The input ::

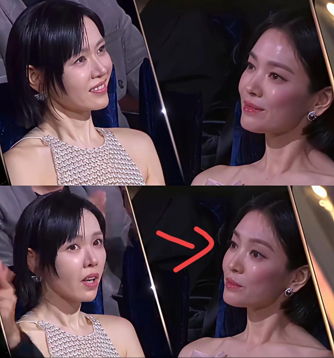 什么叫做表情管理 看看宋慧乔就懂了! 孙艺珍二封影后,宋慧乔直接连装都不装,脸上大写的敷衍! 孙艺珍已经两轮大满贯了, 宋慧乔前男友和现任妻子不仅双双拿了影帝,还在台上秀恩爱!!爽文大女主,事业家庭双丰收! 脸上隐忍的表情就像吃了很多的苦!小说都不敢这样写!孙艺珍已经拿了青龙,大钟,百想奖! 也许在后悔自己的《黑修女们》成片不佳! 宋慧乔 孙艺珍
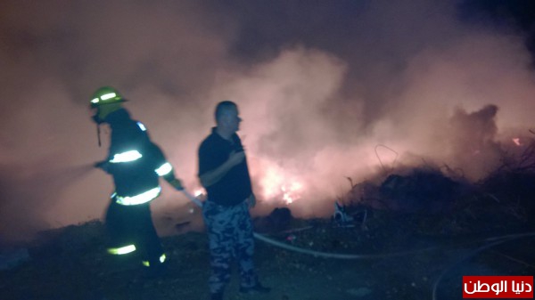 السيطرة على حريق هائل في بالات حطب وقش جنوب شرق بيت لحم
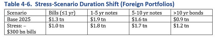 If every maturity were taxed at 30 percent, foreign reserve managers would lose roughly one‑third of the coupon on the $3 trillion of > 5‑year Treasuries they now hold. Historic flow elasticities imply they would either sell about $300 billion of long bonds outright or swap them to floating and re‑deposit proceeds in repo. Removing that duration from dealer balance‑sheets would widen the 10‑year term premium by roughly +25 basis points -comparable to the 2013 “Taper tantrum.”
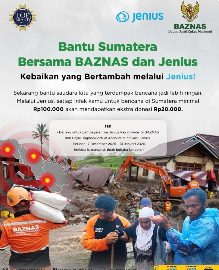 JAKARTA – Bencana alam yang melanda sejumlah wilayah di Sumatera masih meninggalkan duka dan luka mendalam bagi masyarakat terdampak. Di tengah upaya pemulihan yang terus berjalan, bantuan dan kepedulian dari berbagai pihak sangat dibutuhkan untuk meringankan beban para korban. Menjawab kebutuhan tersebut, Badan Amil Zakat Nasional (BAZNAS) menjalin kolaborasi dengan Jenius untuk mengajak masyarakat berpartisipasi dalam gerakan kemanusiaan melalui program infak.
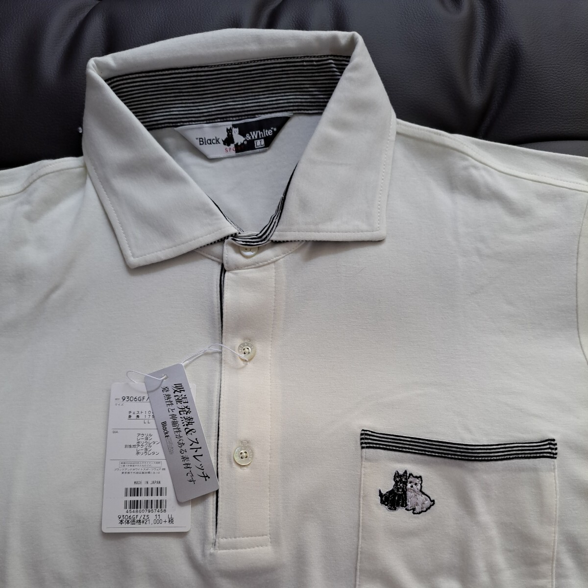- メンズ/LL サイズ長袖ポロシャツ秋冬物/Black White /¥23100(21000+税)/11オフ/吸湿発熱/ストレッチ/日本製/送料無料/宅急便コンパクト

* * *

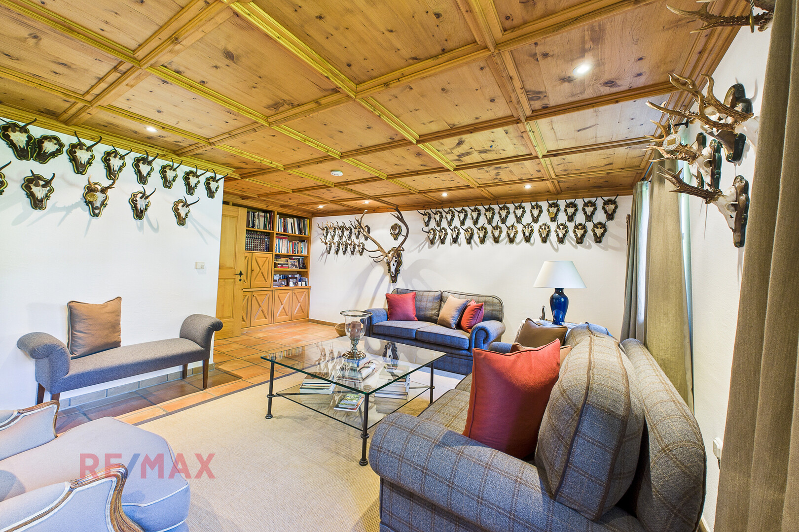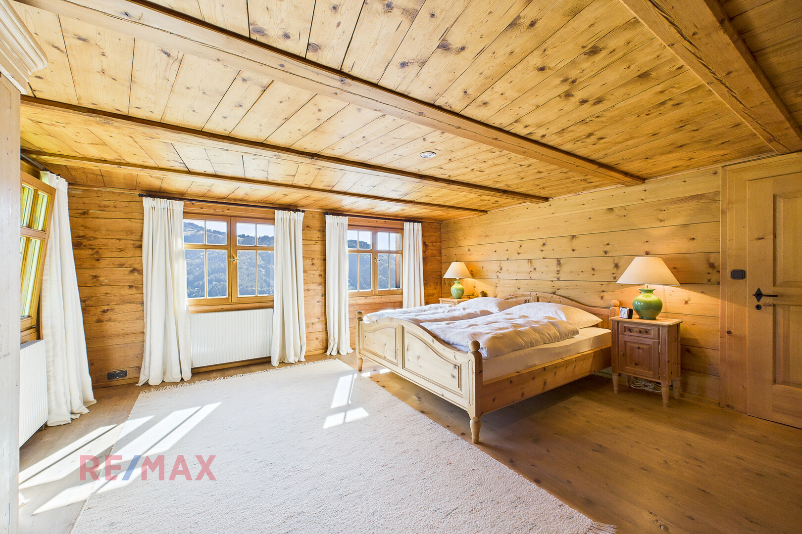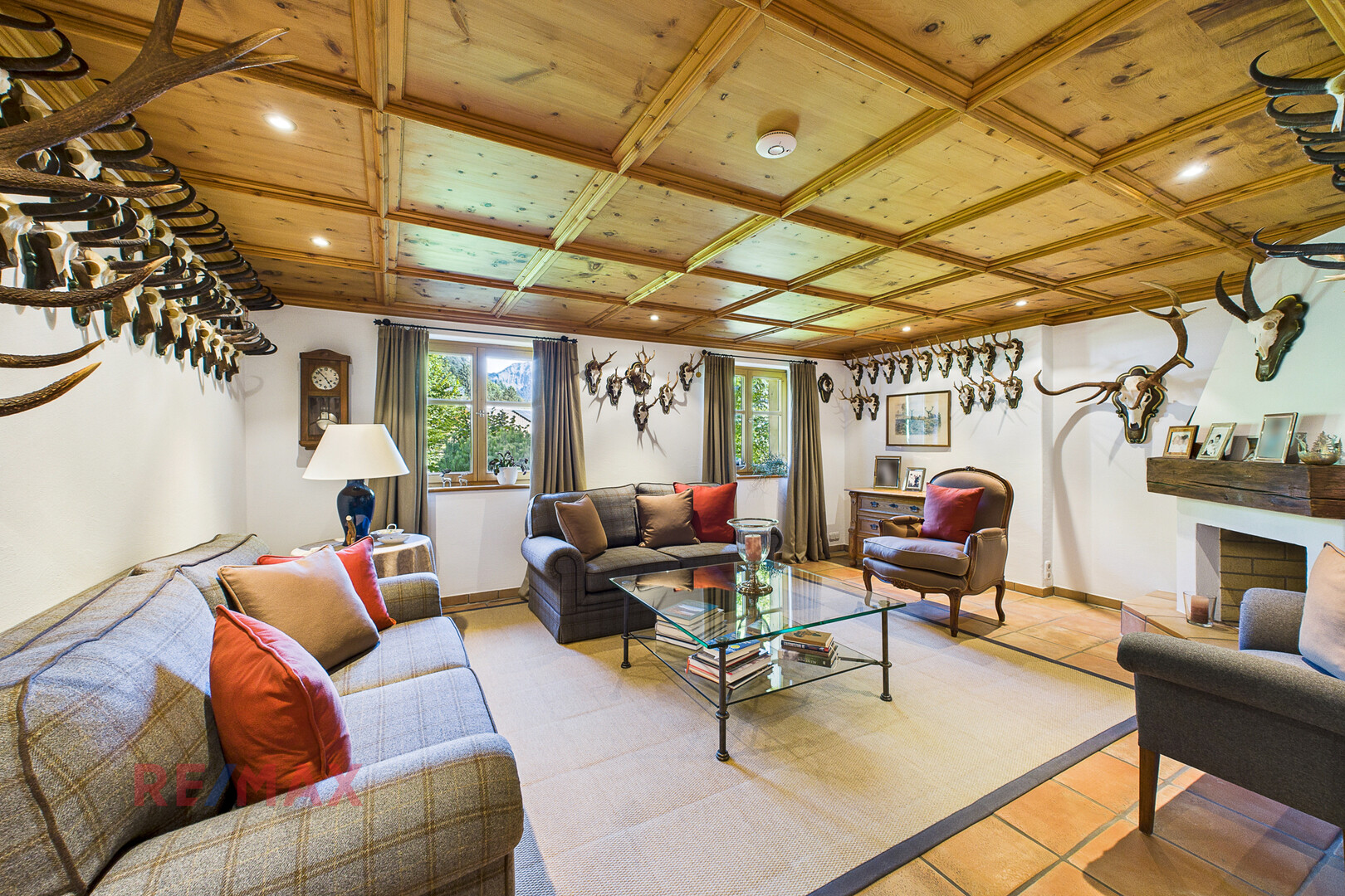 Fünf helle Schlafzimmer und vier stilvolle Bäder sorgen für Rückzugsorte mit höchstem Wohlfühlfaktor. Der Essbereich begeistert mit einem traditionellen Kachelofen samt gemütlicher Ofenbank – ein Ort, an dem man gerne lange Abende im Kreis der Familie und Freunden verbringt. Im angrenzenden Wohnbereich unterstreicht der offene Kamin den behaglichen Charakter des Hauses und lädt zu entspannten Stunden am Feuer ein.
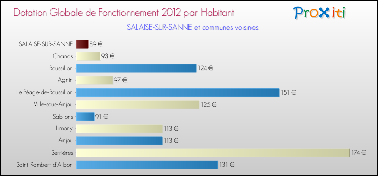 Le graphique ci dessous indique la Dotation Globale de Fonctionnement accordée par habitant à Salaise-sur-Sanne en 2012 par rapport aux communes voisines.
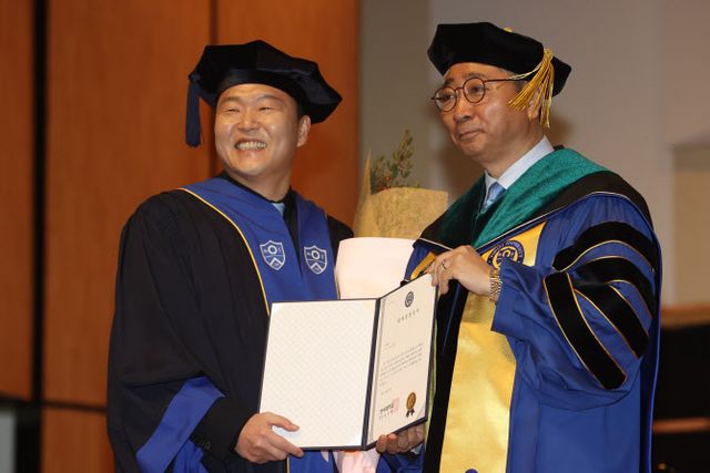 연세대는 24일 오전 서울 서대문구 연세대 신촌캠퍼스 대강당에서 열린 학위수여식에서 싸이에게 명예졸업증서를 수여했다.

---

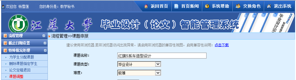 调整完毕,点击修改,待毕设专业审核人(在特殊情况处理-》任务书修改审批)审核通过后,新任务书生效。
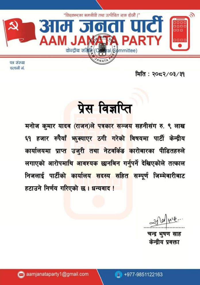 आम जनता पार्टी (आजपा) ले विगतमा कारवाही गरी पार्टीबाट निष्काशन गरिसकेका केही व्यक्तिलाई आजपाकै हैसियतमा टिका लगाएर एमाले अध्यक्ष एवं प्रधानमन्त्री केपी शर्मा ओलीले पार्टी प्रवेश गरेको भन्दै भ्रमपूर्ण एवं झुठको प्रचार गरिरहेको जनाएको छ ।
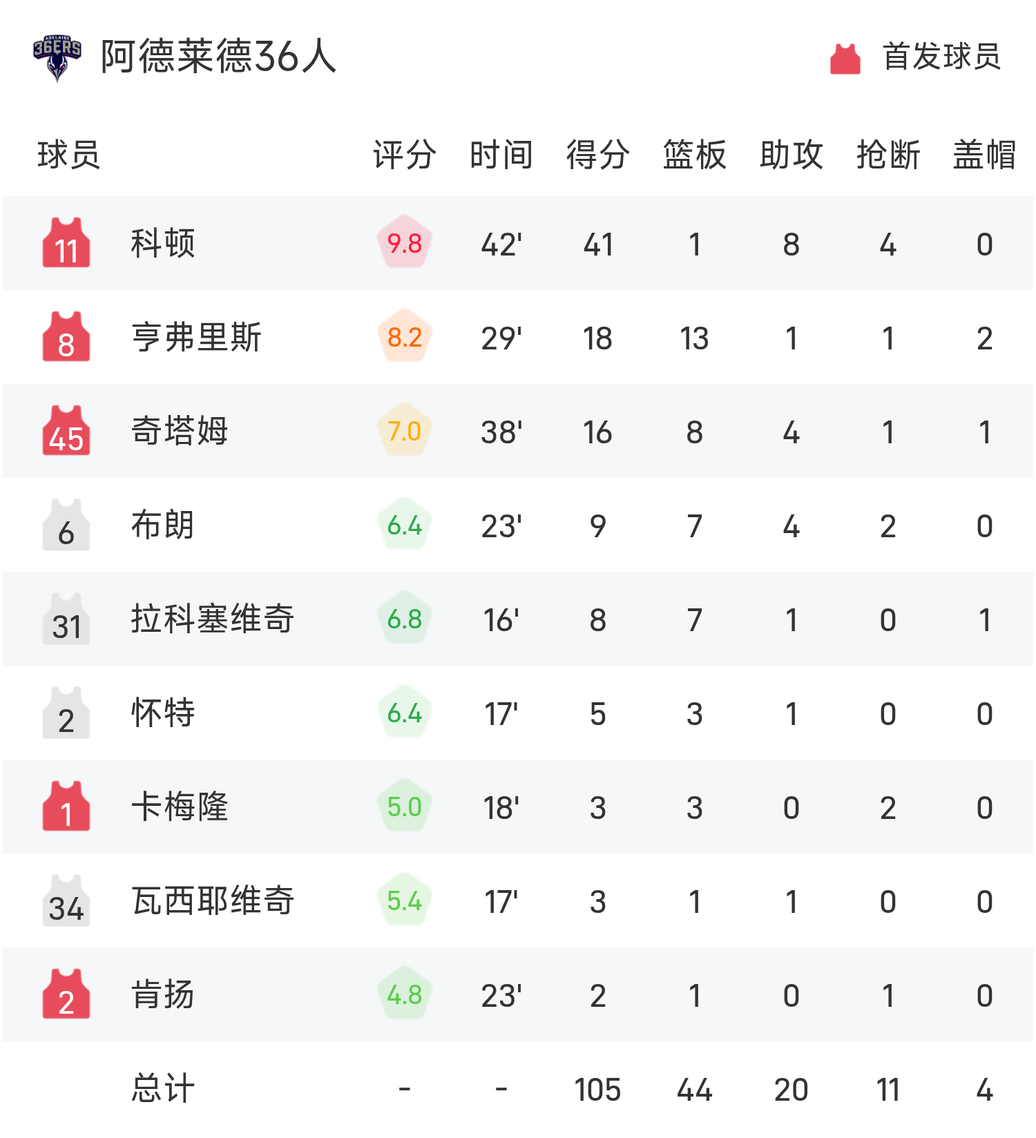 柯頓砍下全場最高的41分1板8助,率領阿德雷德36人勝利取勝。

Your goal :: Look above for the line containing "Le graphique ci", then copy exactly from it through the line containing "연세대는 24일 오전", keeping both and leaving out pictures. Add nothing else.

Response area ::
 Le graphique ci dessous indique la Dotation Globale de Fonctionnement accordée par habitant à Salaise-sur-Sanne en 2012 par rapport aux communes voisines.
 연세대는 24일 오전 서울 서대문구 연세대 신촌캠퍼스 대강당에서 열린 학위수여식에서 싸이에게 명예졸업증서를 수여했다.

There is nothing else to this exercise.